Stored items
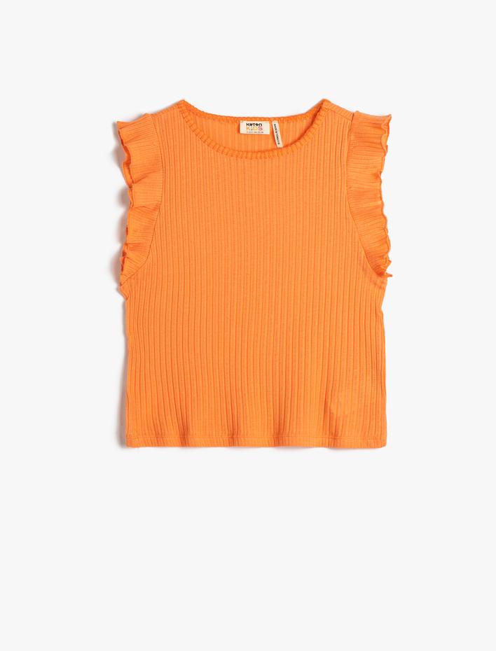 Kız Çocuk Atlet Fırfırlı Yuvarlak Yaka Ribanalı Pamuklu
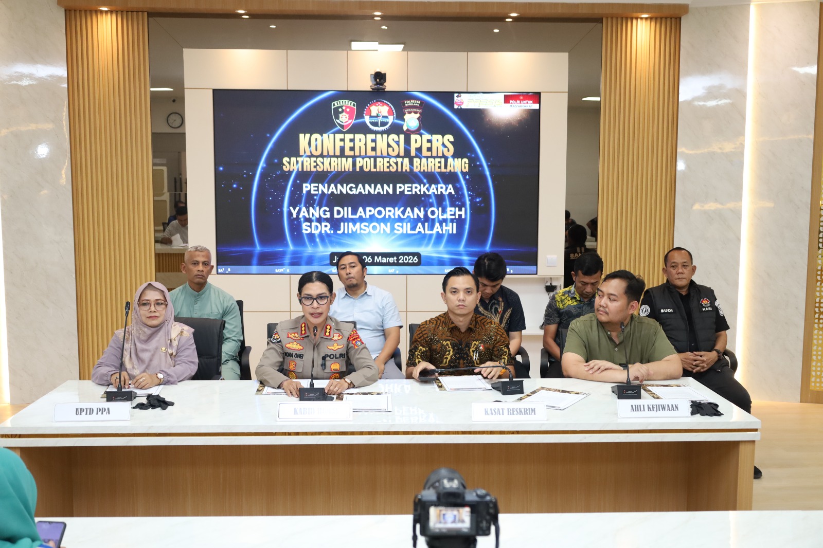 ​Konferensi pers ini dipimpin langsung oleh Kabid Humas Polda Kepri Kombes. Pol. Dr. Nona Pricillia Ohei, S.I.K., S.H., M.H., dengan diikuti oleh Kasat Reskrim Polresta Barelang Kompol M. Debby Tri Andrestian, S.I.K., M.H. Li., Kasihumas Polresta Barelang AKP Budi Santosa, S.H., Kanit Reskrim Polsek Batam Kota Iptu Bobby Ramadhana Fauzi, S.H., M.H., Kanit III Sat Reskrim Polresta Barelang AKP Muhammad Ridho, S.H, serta Kanit PPA Polresta Barelang Iptu Eko Kurniawan, S.Tr.K., S.I.K., M.M. Turut hadir memberikan kesaksian ahli secara langsung maupun melalui video conference (Zoom) yaitu dr. Jhonny Prambudi Batong, Sp.Kj (Ahli Psikiatri Forensik), Mariana M.Psi (Ahli Psikologi), DR. Ahmad Sofian, S.H., M.A (Ahli Hukum Pidana), serta Ibu Suratin, Amd.Keb dari UPTD PPA.
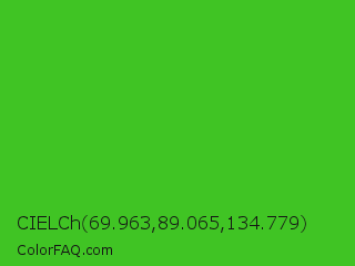 CIELCh 69.963,89.065,134.779 Color is a normal green color and the nearest color is Harlequin Green #46cb18. Hex code #40c424 and RGB value is rgb(64,196,36). In RGB color space, this color is composed of 25% red, 77% green, 14% blue, In CMYK color space, this color is composed of 67% cyan, 0% magenta, 82% yellow , 23% black , In HSL color space, this color has a hue angle of 110° , 69% saturation and 45% lightness.
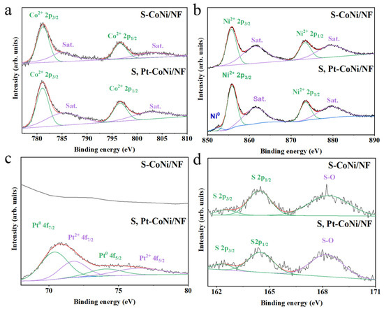 As shown in Figure 2b, the Ni 2p spectra of the S-CoNi/NF and S, Pt-CoNi/NF catalysts show two peaks located at 855.7 and 873.3 eV, which are ascribed to the Ni2+ 2p3/2 and Ni2+ 2p1/2, while the peaks of 861.5 eV and 879.6 eV belong to the satellite peaks [40]. The peak located at 852.4 eV corresponds to the Ni0 signal, indicating the electron transfer from Pt to adjacent S-CoNi, which leads to the decreased valence states of Ni. This phenomenon can be further confirmed by the Pt 4f spectrum. Figure 2c provides information regarding the XPS spectra of Pt 4f, which can be divided into two pairs of peaks. The peaks observed at 70.4 eV and 74 eV are both ascribed to Pt0 species, while the peaks at 71.8 and 76.6 eV belong to the Pt2+ 4f7/2 and Pt2+ 4f5/2, respectively [41]. The appearance of the Pt2+ species confirms that the possible electronic interaction between the Pt species and S-CoNi material. In addition, the S 2p spectra of both S-CoNi/NF and S, Pt-CoNi/NF samples are also shown in Figure 2d. Two peaks with the binding energies of 162.4 eV and 164.4 eV originate from the S 2p3/2 and the S 2p1/2 of the metal-S bonds, while the peak located at the binding energy of 168.2 eV corresponds to the typical S-O peak. This S-O peak should be related to the partial surface oxidation when it is exposed to air [42]. In addition, the signals of metal bonds confirm that some metal sulfides (CoNiSx) should be present on the surface of the S-CoNi/NF sample and the S, Pt-CoNi/NF sample. All of the abovementioned experimental results prove the successful synthesis of S, Pt co-modified CoNi materials, which are expected to have excellent catalytic activity for HER.
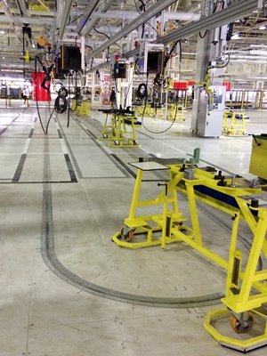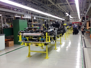 該工廠的生產(chǎn)節(jié)拍為35JPH,是北京奔馳汽車用以生產(chǎn)GLA車型的工廠。合裝線的合裝和擰緊采用半自動(dòng)的設(shè)備,工藝裝配要求和安全級別較高。該工廠合裝線高度還原了奔馳在匈牙利工廠的設(shè)計(jì),同時(shí)保證了原有合裝裝配工藝,得到了客戶的肯定。
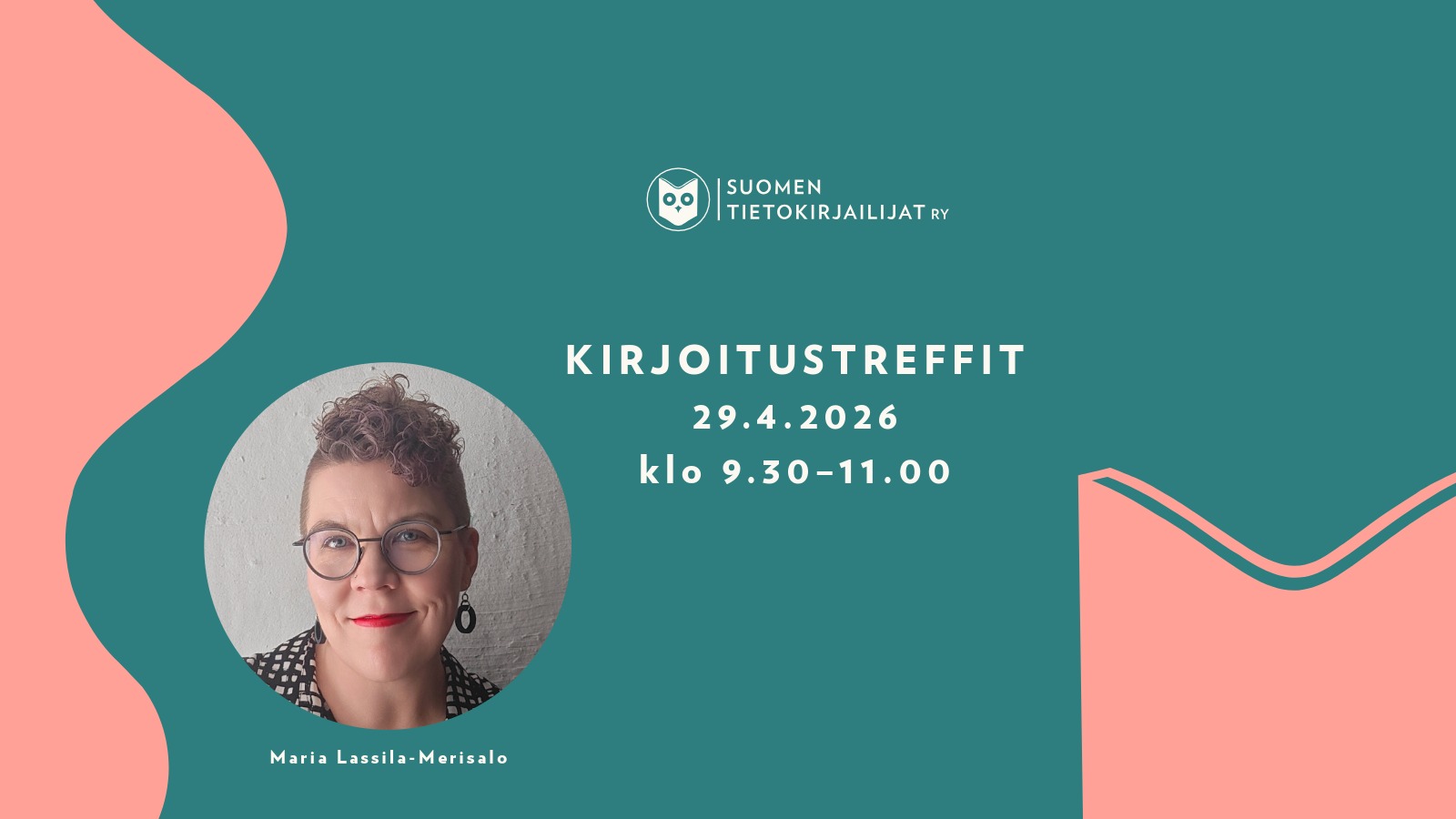 Tietokirjailijoiden kirjoitustreffit järjestetään keskiviikkona 29.4.2026 klo 9.30–11.00 Google Meetissä.
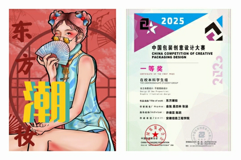 中国包装创意设计大赛由中国包装联合会主办,是行业内权威性高、影响力广的专业赛事。本届大赛竞争激烈,评选标准严格,获奖比例较低:一等奖仅占1.07%,二等奖为2.36%,三等奖为9.23%,优秀奖为15.02%,综合获奖率不足28%,甄选难度可见一斑。在此次高水平的角逐中,安徽信息工程学院艺术设计学院的师生团队凭借出色的创意构思和扎实的专业技能,成功脱颖而出,首次参赛即获奖73项,其中金旭同学的平面插画设计《东方潮妆》在激烈的角逐中斩获一等奖。程欣然同学的非遗文化传播应用设计《“春节·中国韵”——喜迎2025年非遗春节视觉创意设计》同样荣获一等奖(更多获奖名单参考附件:获奖名单-中国包装创意设计大赛)。取得如此成绩不仅实现了参赛的“开门红”,体现了学院师生出色的创意能力和专业水平。更是在全国舞台上打响了安徽信息工程学院的名声。
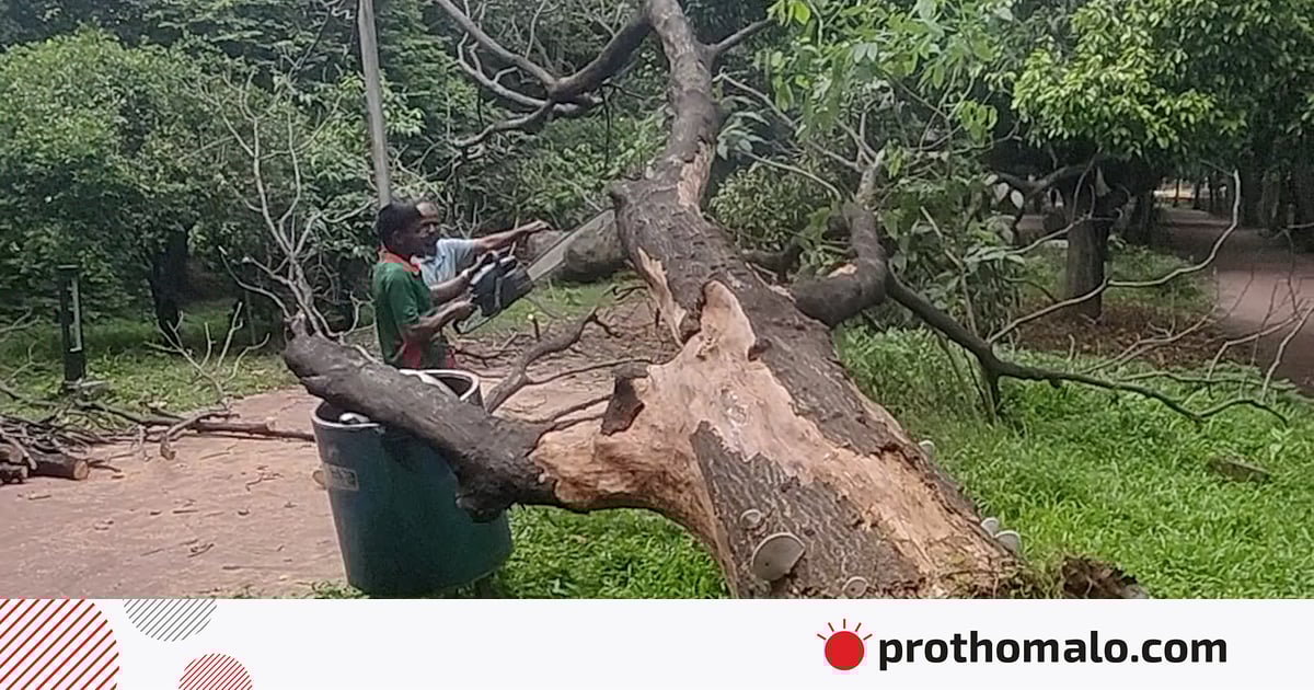 ভোরের ঝোড়ো হাওয়া ও বৃষ্টিতে রাজধানীর রমনা পার্কে একটি বকুলগাছ উপড়ে পড়ে। ২৭ এপ্রিল ওই গাছের ভাঙা অংশ সরাতে কাজ করতে দেখা যায় পার্কের মালিদের। বিস্তারিত ভিডিও প্রতিবেদনে…
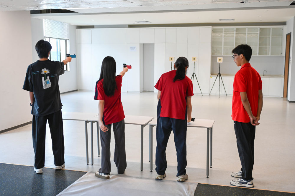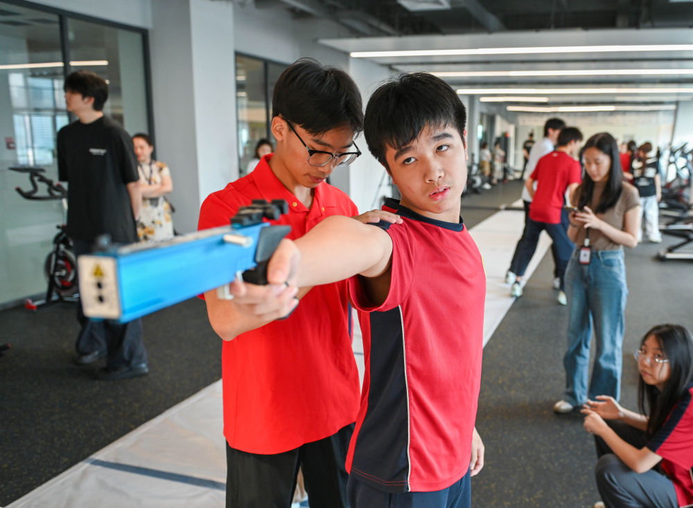↑圖為學生們在廣州市中黃港澳子弟學校運動室進行射擊訓練(6月19日攝)。新華社記者 肖恩楠 攝
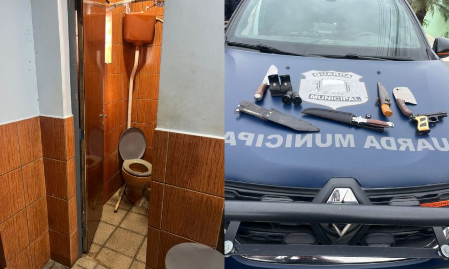 Durante a ação, diversas facas e um simulacro de arma de fogo foram apreendidos pelos agentes.
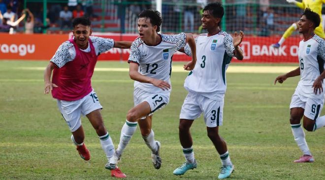 মালদ্বীপের জাতীয় ফুটবল স্টেডিয়ামে অনুষ্ঠিত ম্যাচে দ্বিতীয়ার্ধে ঝলসে ওঠেন এই যুক্তরাষ্ট্রপ্রবাসী তরুণ ফরোয়ার্ড।ম্যাচের শুরুটা ছিল কিছুটা সতর্ক।
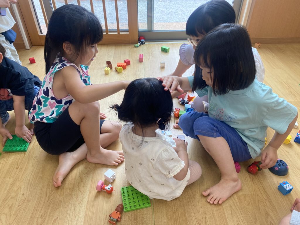 小さなお友だちに頼られることが嬉しかったようで、みんなとても誇らしげな表情でした✨こうした異年齢児との関わりや経験を通して、思いやりの気持ちや自信が少しずつ育ってきているのを感じます😌💗
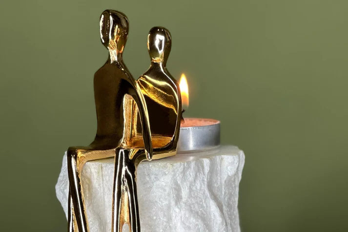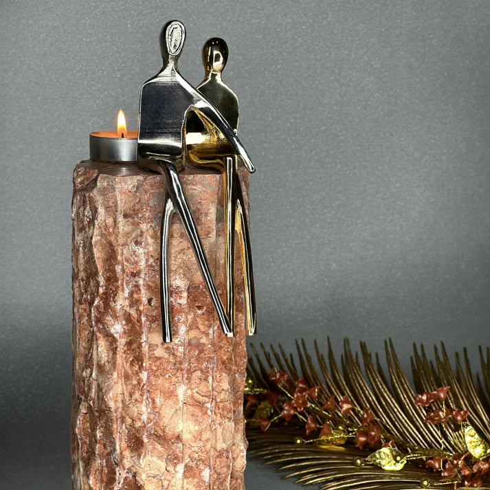 Doğal taşın asil dokusunu pirinç detayların sıcak ışıltısıyla buluşturan Merleger Büyük Boy Dekoratif Mumluk, yaşam alanlarınıza lüks bir atmosfer kazandırır. El işçiliğiyle işlenmiş doğal mermer gövde ve pirinç döküm üzeri kaplama figür tasarımıyla her biri kendine özgüdür.

How to complete this task
The entries above must be output exactly, with every image left out.

Solution below
 Kız Çocuk Atlet Fırfırlı Yuvarlak Yaka Ribanalı Pamuklu
 ​Konferensi pers ini dipimpin langsung oleh Kabid Humas Polda Kepri Kombes. Pol. Dr. Nona Pricillia Ohei, S.I.K., S.H., M.H., dengan diikuti oleh Kasat Reskrim Polresta Barelang Kompol M. Debby Tri Andrestian, S.I.K., M.H. Li., Kasihumas Polresta Barelang AKP Budi Santosa, S.H., Kanit Reskrim Polsek Batam Kota Iptu Bobby Ramadhana Fauzi, S.H., M.H., Kanit III Sat Reskrim Polresta Barelang AKP Muhammad Ridho, S.H, serta Kanit PPA Polresta Barelang Iptu Eko Kurniawan, S.Tr.K., S.I.K., M.M. Turut hadir memberikan kesaksian ahli secara langsung maupun melalui video conference (Zoom) yaitu dr. Jhonny Prambudi Batong, Sp.Kj (Ahli Psikiatri Forensik), Mariana M.Psi (Ahli Psikologi), DR. Ahmad Sofian, S.H., M.A (Ahli Hukum Pidana), serta Ibu Suratin, Amd.Keb dari UPTD PPA.
 CIELCh 69.963,89.065,134.779 Color is a normal green color and the nearest color is Harlequin Green #46cb18. Hex code #40c424 and RGB value is rgb(64,196,36). In RGB color space, this color is composed of 25% red, 77% green, 14% blue, In CMYK color space, this color is composed of 67% cyan, 0% magenta, 82% yellow , 23% black , In HSL color space, this color has a hue angle of 110° , 69% saturation and 45% lightness.
 As shown in Figure 2b, the Ni 2p spectra of the S-CoNi/NF and S, Pt-CoNi/NF catalysts show two peaks located at 855.7 and 873.3 eV, which are ascribed to the Ni2+ 2p3/2 and Ni2+ 2p1/2, while the peaks of 861.5 eV and 879.6 eV belong to the satellite peaks [40]. The peak located at 852.4 eV corresponds to the Ni0 signal, indicating the electron transfer from Pt to adjacent S-CoNi, which leads to the decreased valence states of Ni. This phenomenon can be further confirmed by the Pt 4f spectrum. Figure 2c provides information regarding the XPS spectra of Pt 4f, which can be divided into two pairs of peaks. The peaks observed at 70.4 eV and 74 eV are both ascribed to Pt0 species, while the peaks at 71.8 and 76.6 eV belong to the Pt2+ 4f7/2 and Pt2+ 4f5/2, respectively [41]. The appearance of the Pt2+ species confirms that the possible electronic interaction between the Pt species and S-CoNi material. In addition, the S 2p spectra of both S-CoNi/NF and S, Pt-CoNi/NF samples are also shown in Figure 2d. Two peaks with the binding energies of 162.4 eV and 164.4 eV originate from the S 2p3/2 and the S 2p1/2 of the metal-S bonds, while the peak located at the binding energy of 168.2 eV corresponds to the typical S-O peak. This S-O peak should be related to the partial surface oxidation when it is exposed to air [42]. In addition, the signals of metal bonds confirm that some metal sulfides (CoNiSx) should be present on the surface of the S-CoNi/NF sample and the S, Pt-CoNi/NF sample. All of the abovementioned experimental results prove the successful synthesis of S, Pt co-modified CoNi materials, which are expected to have excellent catalytic activity for HER.
 該工廠的生產(chǎn)節(jié)拍為35JPH,是北京奔馳汽車用以生產(chǎn)GLA車型的工廠。合裝線的合裝和擰緊采用半自動(dòng)的設(shè)備,工藝裝配要求和安全級別較高。該工廠合裝線高度還原了奔馳在匈牙利工廠的設(shè)計(jì),同時(shí)保證了原有合裝裝配工藝,得到了客戶的肯定。
 Tietokirjailijoiden kirjoitustreffit järjestetään keskiviikkona 29.4.2026 klo 9.30–11.00 Google Meetissä.
 中国包装创意设计大赛由中国包装联合会主办,是行业内权威性高、影响力广的专业赛事。本届大赛竞争激烈,评选标准严格,获奖比例较低:一等奖仅占1.07%,二等奖为2.36%,三等奖为9.23%,优秀奖为15.02%,综合获奖率不足28%,甄选难度可见一斑。在此次高水平的角逐中,安徽信息工程学院艺术设计学院的师生团队凭借出色的创意构思和扎实的专业技能,成功脱颖而出,首次参赛即获奖73项,其中金旭同学的平面插画设计《东方潮妆》在激烈的角逐中斩获一等奖。程欣然同学的非遗文化传播应用设计《“春节·中国韵”——喜迎2025年非遗春节视觉创意设计》同样荣获一等奖(更多获奖名单参考附件:获奖名单-中国包装创意设计大赛)。取得如此成绩不仅实现了参赛的“开门红”,体现了学院师生出色的创意能力和专业水平。更是在全国舞台上打响了安徽信息工程学院的名声。
 ভোরের ঝোড়ো হাওয়া ও বৃষ্টিতে রাজধানীর রমনা পার্কে একটি বকুলগাছ উপড়ে পড়ে। ২৭ এপ্রিল ওই গাছের ভাঙা অংশ সরাতে কাজ করতে দেখা যায় পার্কের মালিদের। বিস্তারিত ভিডিও প্রতিবেদনে…
↑圖為學生們在廣州市中黃港澳子弟學校運動室進行射擊訓練(6月19日攝)。新華社記者 肖恩楠 攝
 Durante a ação, diversas facas e um simulacro de arma de fogo foram apreendidos pelos agentes.
 মালদ্বীপের জাতীয় ফুটবল স্টেডিয়ামে অনুষ্ঠিত ম্যাচে দ্বিতীয়ার্ধে ঝলসে ওঠেন এই যুক্তরাষ্ট্রপ্রবাসী তরুণ ফরোয়ার্ড।ম্যাচের শুরুটা ছিল কিছুটা সতর্ক।
 小さなお友だちに頼られることが嬉しかったようで、みんなとても誇らしげな表情でした✨こうした異年齢児との関わりや経験を通して、思いやりの気持ちや自信が少しずつ育ってきているのを感じます😌💗
 Doğal taşın asil dokusunu pirinç detayların sıcak ışıltısıyla buluşturan Merleger Büyük Boy Dekoratif Mumluk, yaşam alanlarınıza lüks bir atmosfer kazandırır. El işçiliğiyle işlenmiş doğal mermer gövde ve pirinç döküm üzeri kaplama figür tasarımıyla her biri kendine özgüdür.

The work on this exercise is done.